この問題の図: 円・四角・三角が混在する3×3グリッドの鏡像を選ぶ最難度問題。三角の向きの反転も判定します。 図を見て、下の選択肢から答えを選んでください(音声で問題文を聞くには「よみあげ」ボタン)。
こたえ
各段が左右反転し、右向き三角は左向きに変わる ならび(上向き三角は向き変化なし)
かいせつ(おうちのかたへ)
円・四角・三角が混ざる最難度問題です。三角の中でも「右向き ▶」は鏡で「左向き ◀」に変わりますが、「上向き ▲」は鏡軸(縦)に対して左右対称なので向きが変わりません。この区別がポイントです。
- 上段の右向き三角 ▶ → 左に移動し、向きも反転 → ◀
- 中段の四角 ■ → 左右に位置移動(向きは変化なし)
- 下段の上向き三角 ▲ → 左右に位置移動(向きは変化なし)
出題背景と育つ力
鏡図形・鏡映像は、小学校受験の推理分野で定番の出題です。一枚の絵を鏡に映したらどう見えるかを問うもので、多くの学校では左右が反転すること、つまり左にあったものが右へ、右にあったものが左へ移ることを正しくとらえられるかを見ています。この問題のように円・四角・三角が混ざる3×3のグリッドは、その中でも最も難しいレベルです。位置の左右入れ替えだけでなく、形そのものの向きが変わるかどうかまで同時に判断しなければならないからです。

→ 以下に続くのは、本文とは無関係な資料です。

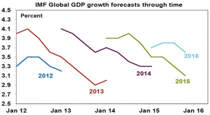 A defining feature of the economic cycle we are now going through is the constrained and fragile nature of economic growth globally. After an initial bounce post the GFC to 5.4% in 2010, global economic growth has consistently disappointed. This can be seen in the progression of the IMF’s economic growth forecasts for each year since 2012. Typically the IMF has started off looking for global growth close to 4% for the year ahead but each year has had to revise it down to around 3%, pushing the 4% bounce off into the next year. This year has been no exception – see the line for 2015 in the next chart.
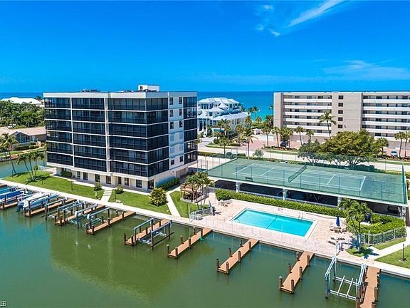 A Boaters Dream opportunity! Top-Floor Penthouse Condo with Sweeping Bay, Gulf & Skyline Views. One of a kind Boat dock (with dual jet ski floating dock) and cabana available to purchase with this condo only. Experience the best of coastal living in this beautifully updated top-floor residence at Vanderbilt Bay. From the moment you step inside, you’ll be captivated by sweeping bay and skyline views, with the Gulf of Mexico visible right from your front door. This move-in ready condo offers an open kitchen and spacious great room, tastefully finished with tile flooring throughout. Seven panels of floor-to-ceiling impact sliding glass doors flood the home with natural light and open to a rare 35-foot-wide lanai—perfect for entertaining or soaking in the views. Additional highlights include a separate in-unit laundry room, a whole-house water purifier, and newer AC and hot water heater. The home is being sold turnkey and includes a covered parking space. Vanderbilt Bay residents enjoy a private, gated beach walk directly across the street, providing easy access to Vanderbilt Beach, Wiggins State Park, LaPlaya, and nearby dining options. High-speed fiber optics and a full building renovation—bringing everything to current hurricane standards—ensure comfort and peace of mind. For the boating enthusiast, the seller is also offering a brand new boat dock accommodating up to a 35-foot/16,000 lb. vessel ($165,000), and a fully renovated private cabana with a full bathroom and Kitchenette ($165,000)—or both together for $300,000. With quick Gulf access and unparalleled views, this property represents a unique opportunity on Gulf Shore Drive. Don’t miss your chance to own this exceptional coastal retreat!
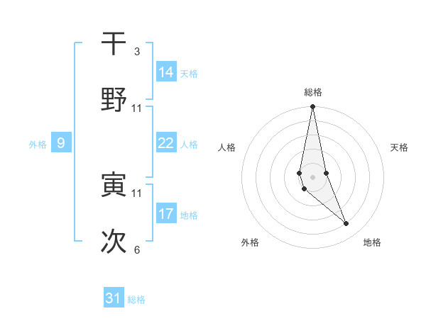 干野 寅次さんの総格は31画の5点!
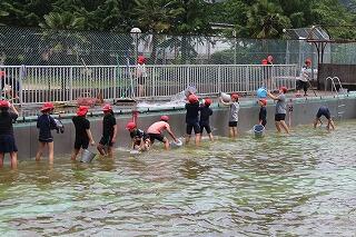 「冷たい。」との声もあがりましたが、楽しそうに水慣れをしていました。
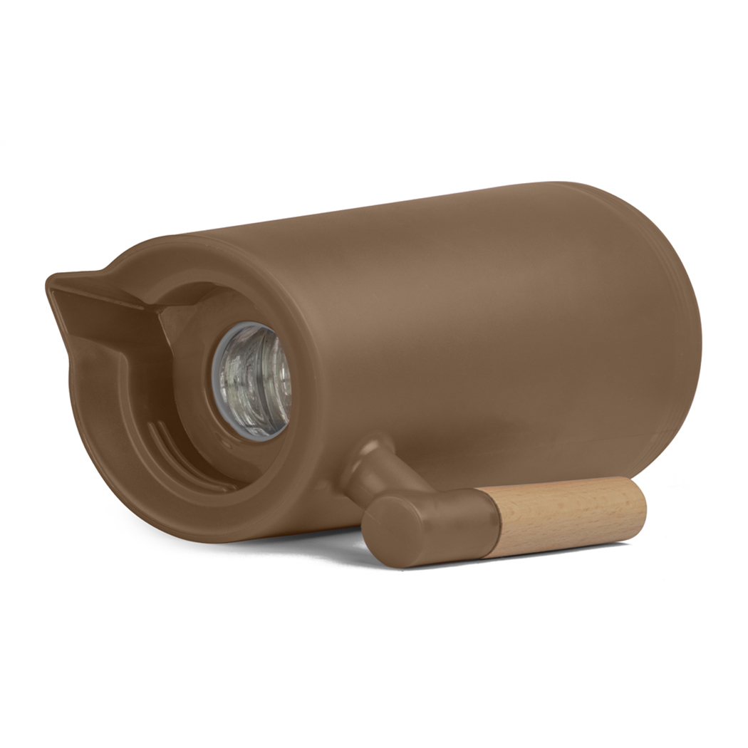 Garrafa térmica com alça de madeira. Fabricada em plástico PP na parte externa da peça. Possui parede dupla com ampola de vidro, sistema corta pingo, tampa rosqueável com anel de silicone e capacidade de 1 litro.
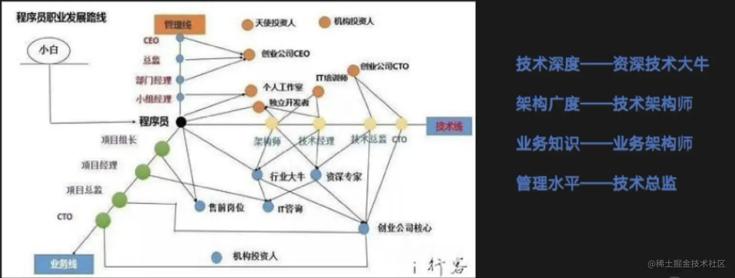 程序员-->初级工程师-->技术专家-->架构师-->项目经理-->CTO

この問題で育つのは、頭の中で絵を裏返してイメージする「心的回転・反転」の力と、形の性質を見分ける観察力です。とくに大切なのが、縦の鏡の線に対して左右対称な形は向きが変わらないという理解です。この問題では右向き三角は左向きに変わるのに、上向き三角や四角、円は向きが変わりません。なぜ変わる形と変わらない形があるのかを、理由とともにつかむことが、難関校で問われる「鏡の規則性」の土台になります。
よくあるつまずき
いちばん多いつまずきは、形の向きの変化を見落として、位置だけを左右に入れ替えてしまうことです。この問題の選択肢には、まさにそこを試すワナが置かれています。正解は上段左が左向き三角になりますが、まちがいの選択肢には上段の右向き三角をそのまま右向きで残したものがあります。位置は正しく動かせていても、三角の向きを反転させ忘れると、この一点でつまずいてしまうのです。

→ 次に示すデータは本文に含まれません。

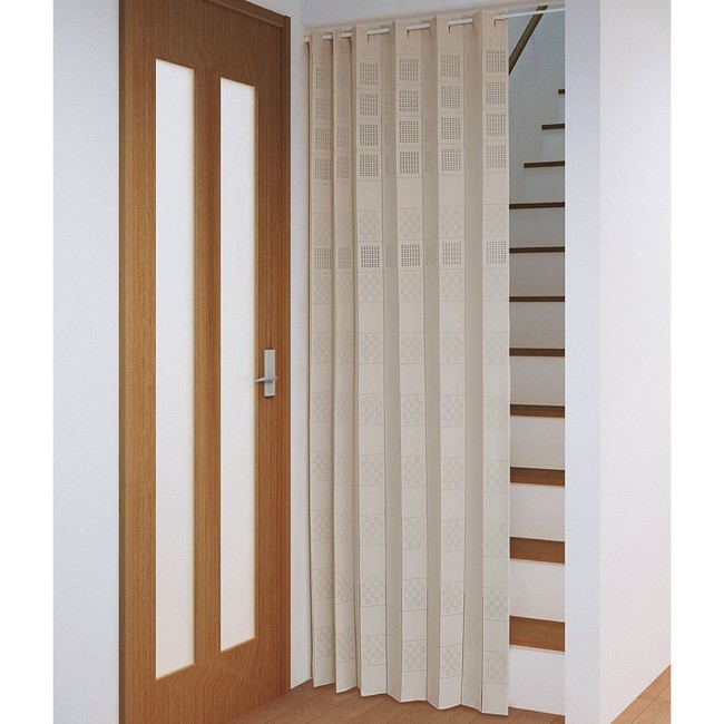 花粉分解と菌やニオイをブロックできる抗菌・消臭加工を施した、アコーディオンタイプののれん。
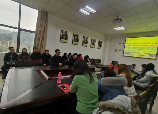 为了进一步保障太阳成集团tyc122ccvip研究生寒假期间的健康与安全,2020年12月31日上午10点太阳成集团tyc122ccvip(人文医学研究中心)在人文楼321会议室举行了2020年寒假疫情防控与安全教育工作会议。参加会议的有人文医学研究中心主任(公司党委副书记)谢仁生、人文医学教研室副主任李刚、思想政治教育教研室副主任周小艺、太阳成集团tyc122ccvip兼职辅导员牟浴四位老师及2019级、2020级全体研究生。
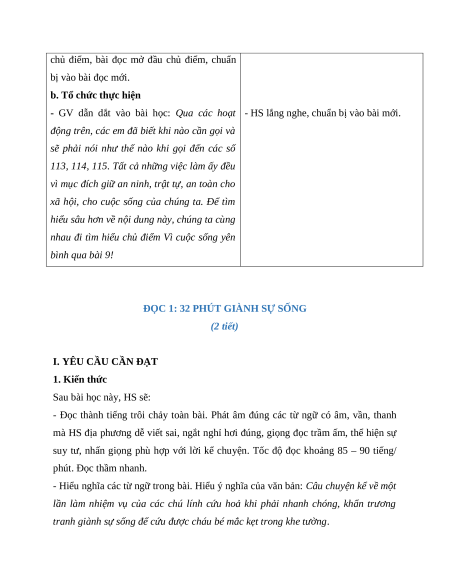 ĐỌC 1: 32 PHÚT GIÀNH SỰ SỐNG (2 tiết)

逆に、向きを変えなくてよい形まで変えてしまう「やりすぎ」のつまずきもあります。下段の上向き三角や中段の四角は、縦の鏡に対して左右対称なので向きは変わりません。ところが「鏡だから全部向きが変わるはず」と思い込むと、これらまで反転させて間違えてしまいます。年中から年長の時期は、ルールを一つ覚えるとすべてに当てはめたくなる発達段階なので、この取り違えはとても自然に起こります。
もう一つは、9マスという情報量の多さそのものへのつまずきです。円が多く配られているため、白丸と黒丸のならびを一段ずつていねいに追わないと、どこを見ているのか分からなくなります。まだ視線を順序立てて動かすのが苦手な年齢では、真ん中あたりで混乱して当てずっぽうになりがちです。形の向き以前に、左右反転で白黒のならびが入れ替わること自体を一段ずつ確認する練習が必要です。
家庭での声かけ例
まずは難しい三角のことは後回しにして、円のならびから一段ずつ確かめましょう。上段を指でなぞりながら「白・黒・三角だね。鏡に映すと、いちばん右が左に来るよ。だから左から三角・黒・白になるね」と、左右がそっくり入れ替わる様子を声に出して見せてあげてください。手鏡を絵の横に縦に立てて、本当にそう映るか一緒に確かめると、説明よりずっと納得しやすくなります。
三角の向きについては、形を一つずつ取り出して比べるのがおすすめです。「この右を向いた三角さん、鏡さんに映すとどっちを向くかな」と問いかけ、実際に鏡で確かめて「ほら、左を向いたね」と一緒に発見します。そのあとに上向き三角を映して「あれ、こっちは向きが変わらないね。どうしてだろう」と問い返すと、上と下が同じ形だから縦の鏡では変わらない、という気づきにつながります。四角や丸も同じ仲間だね、とまとめてあげてください。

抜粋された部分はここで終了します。